Let $R$ a ring and we define $$\text{seq}R=\{f=(a_0,a_1,\dots,)\;|\;a_i\in R\}.$$
On this set we define the following operation: let $f=(a_n)_{n\ge0}$ and $g=(b_n)_{n\ge0}$ $$fg=(c_0,c_1,\dots,),$$ where $$c_k=\sum_{i+j=k} a_ib_j.$$
My problem is to prove that this product is associative.
That is let $f=(a_n)_{n\ge0}, g=(b_n)_{n\ge 0}, h=(c_n)_{n\ge 0}$. I must prove that $(fg)h=f(gh)$.

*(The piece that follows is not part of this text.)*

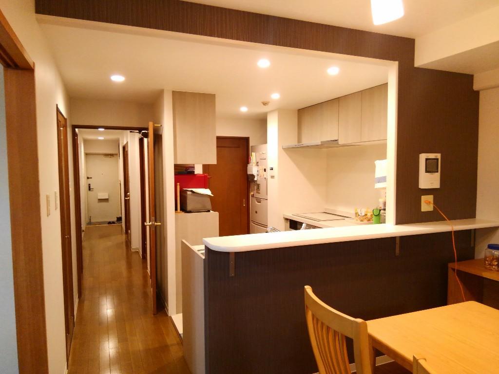 ☆新築マンションや雑誌の写真を参考にされ、キッチンカウンターの壁をアクセント貼りに。照明もキッチンをダウンライト、ダイニングをスポットライトに変更し、とてもスタイリッシュな空間になりました。

Now $$(fg)h=(d_0,d_1,\dots,)(c_0,c_1,\dots),$$ where $d_k=\sum_{i+j=k} a_ib_j$. Then $$(fg)h=(d_0,d_1,\dots,)(c_0,c_1,\dots,)=(e_0,e_1,\dots),$$ where $$e_s=\sum_{k+t=s}d_kc_t,$$ therefore $$e_s=\sum_{k+t=s}\bigg(\sum_{i+j=k}a_ib_j\bigg)c_t.$$
How can I proceed now to show that $(fg)h=f(gh)$?
Thanks!
Letting $a_n=b_n=c_n=0$ for $n<0$, you can rewrite the formula as $$ e_s=\sum_{k=0}^\infty\biggl(\sum_{i=0}^{\infty}a_ib_{k-i}\biggr)c_{s-k}= \sum_{k=0}^{\infty}\sum_{i=0}^{\infty}a_ib_{k-i}c_{s-k} $$ and now you can switch the sums: $$ e_s=\sum_{i=0}^\infty\sum_{k=0}^{\infty}a_ib_{k-i}c_{s-k}= \sum_{i=0}^\infty a_i\biggl(\sum_{k=0}^{\infty}b_{k-i}c_{s-k}\biggr) $$